In  Fuyang  river  sediment,  the  rank  order  of  the  P  fractions  was  as  follows: H2SO4-P>NaOH-Pi>Res-P>NaOH-Po>KCl-P.  Seven P compounds  were detected  by the  31P-NMR  analysis. Ortho-P  (45.2 -  92.4%) and  Mono-P (6.6  - 45.7%)  were  the dominant  forms.   Smaller  amounts  of  Pyro-P  (0.1   -  6.6%),  DNA-P(0.3   -  3.9%), Phon-P(0 -  3.3%),  Lipids-P(0 -  2.7%) and  Poly-P(0  - 0.04%)  were observed  in  the sediments.  Results of P  fractionation and   31P-NMR  analysis showed  that 35%  of Pi
was labile P,  including KCl-P and NaOH-Pi. Biogenic-P accounted for 24% of P in the sediments.

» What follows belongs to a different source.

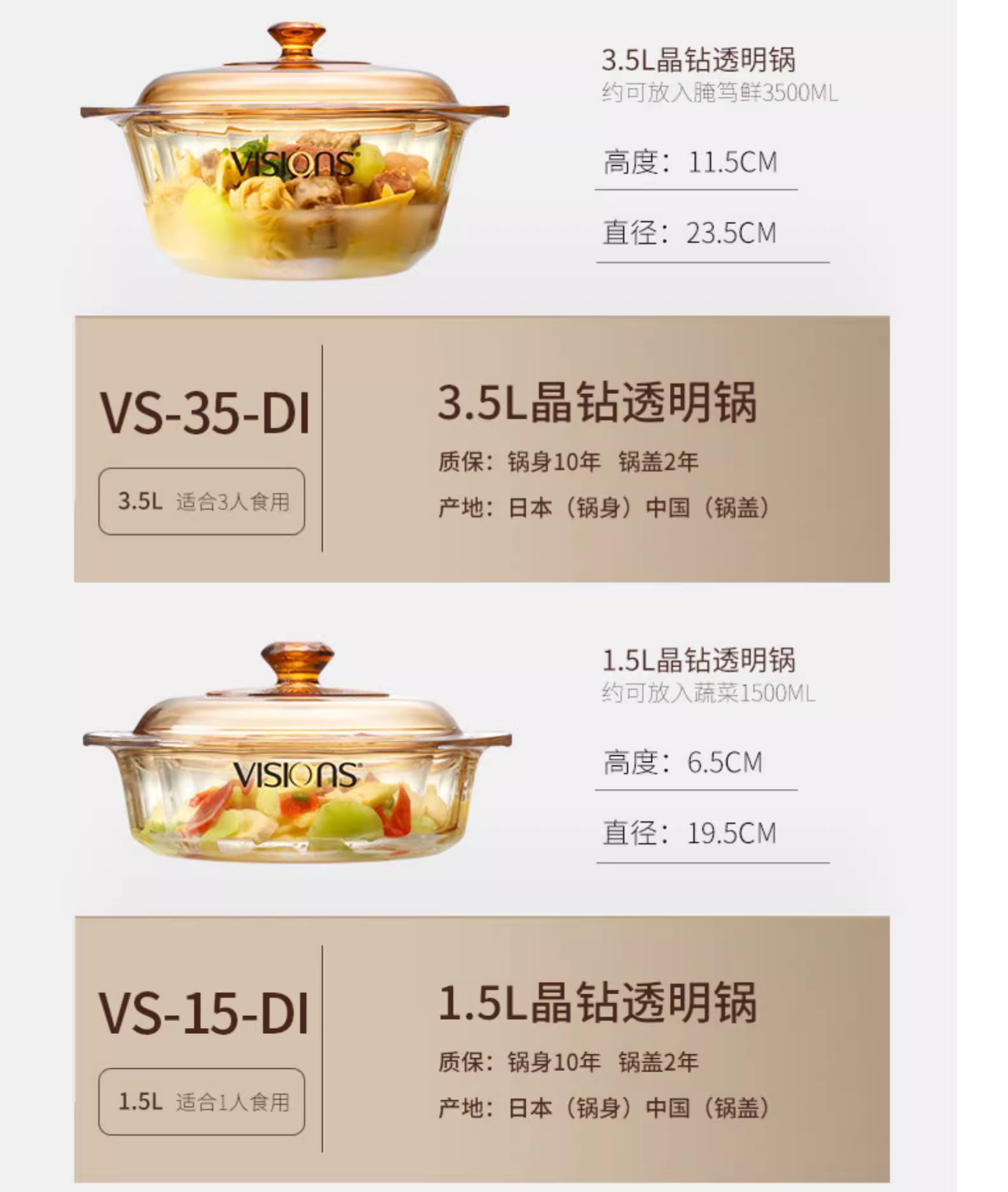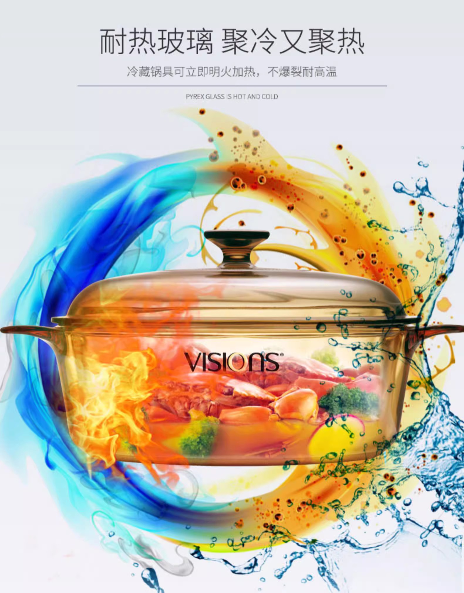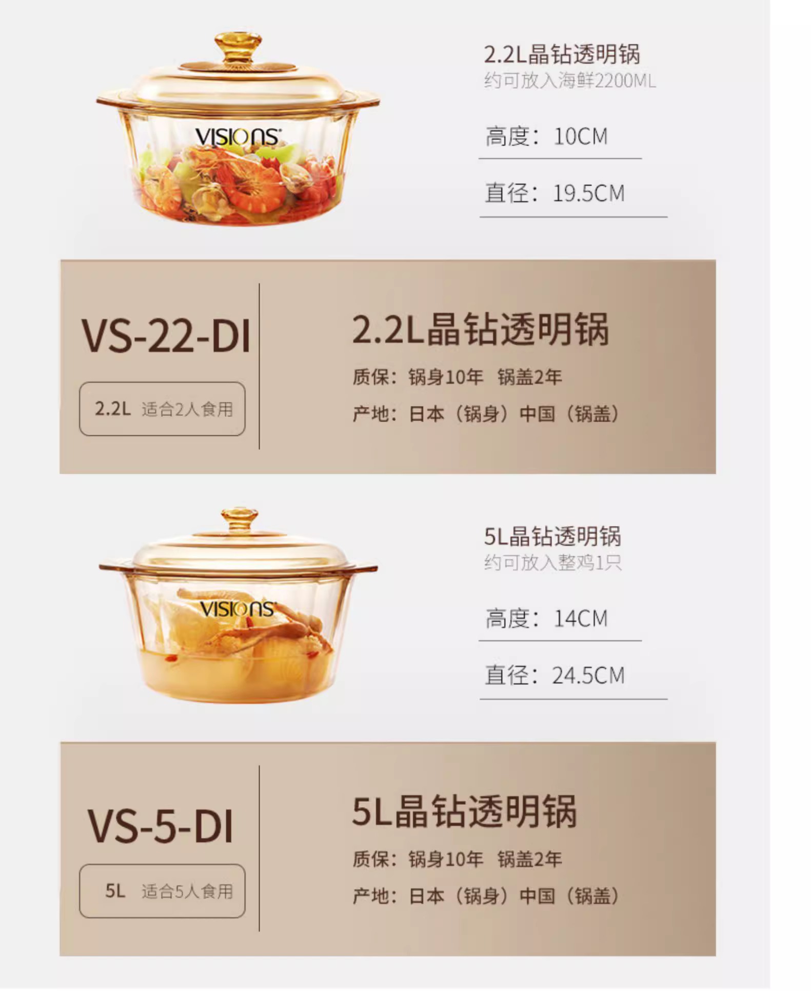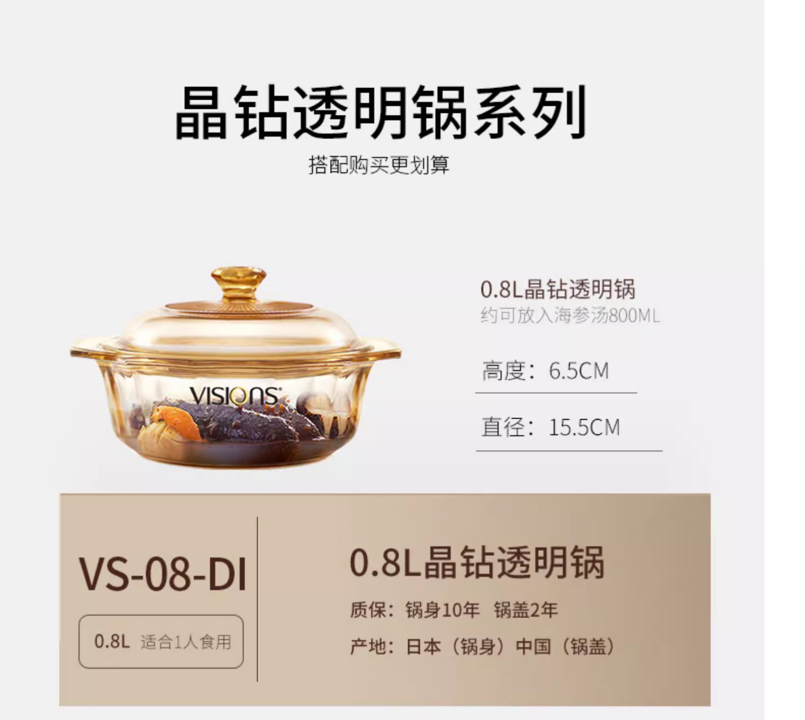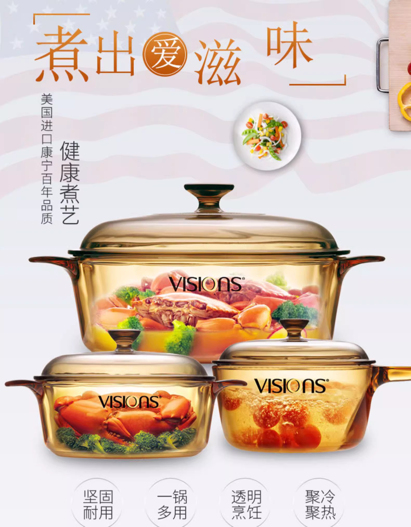 康宁玻璃锅VISIONS琥珀透明家用汤锅炖锅正品晶彩双耳锅2.5L

      (3) Mono-P was  the majority  Po compounds in the  Chaohu Lake  sediments. For sediment  cores, the  contents  of Lipids-P  and DNA-P declined  more  rapidly than  that   of  Mono-P  and   Pyro-P  as   sediment  depth   increased,  with   these compounds  primarily  occurring   in the top 10 cm of sediment.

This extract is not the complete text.